Это уже была не Юзовка и не Бахмут – это было предприятие, как говорят французы, глубокого дыхания, и я как-то впервые почувствовал нарастающую силушку. И вот тут-то Харьков показался мне городом маленьким. Пробудилась тяга туда, на север, где летают горные орлы, к театрам Императорским, к Московскому Художественному…
Однако опять все то же – быть или не быть?
Оставаться в Харькове, или Технологический Институт по-боку?
В те времена человек, бросающий столь привилегированное учебное заведение, мог показаться сумасшедшим, но во мне уже бушевал и пожирал меня такой огонь, что ничего я с собою поделать не мог…
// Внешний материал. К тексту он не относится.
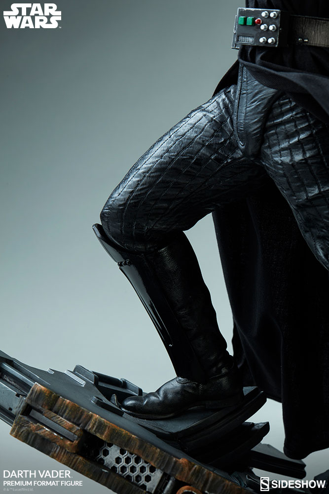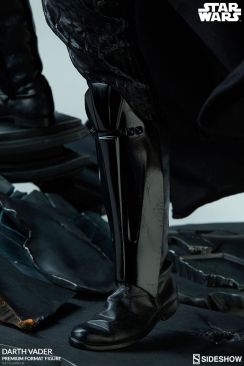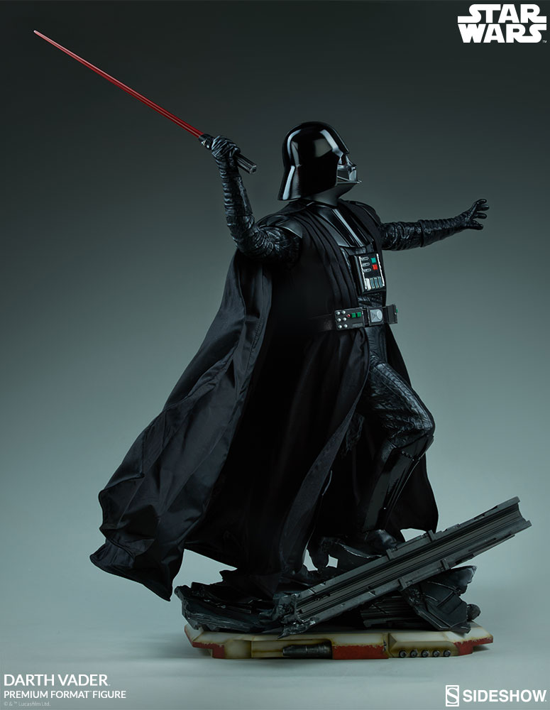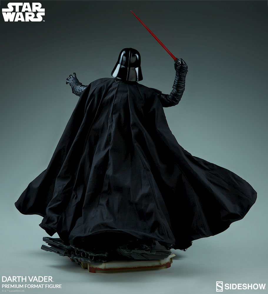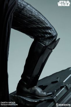 The Darth Vader Premium Format™ Figure measures just over 25” tall, as the Sith lord stands among the remains of a Rebel command ship base. Torn apart by his fury and lightsaber, the exposed mechanical insides of the ship still smolder with painted details of heated metal and shattered flooring.

Хотя в Институте я дошел уже до третьего курса, до науки о сопротивлении материалов, «Кинжал из дерева» рушил все!
Много я в те времена провел бессонных ночей.
Самым беспокойным было сознание своей ответственности перед матерью, которой я дал слово получить столь желанный ею диплом.
Диплом должен быть и будет получен.
В крайнем случае, диплом об окончании Юридического факультета: скорее, проще, легче!
Хотя втайне я думал, что и суд мне нужен, как прошлогодний снег.
А с латынью я справлюсь. Piscis, panis..!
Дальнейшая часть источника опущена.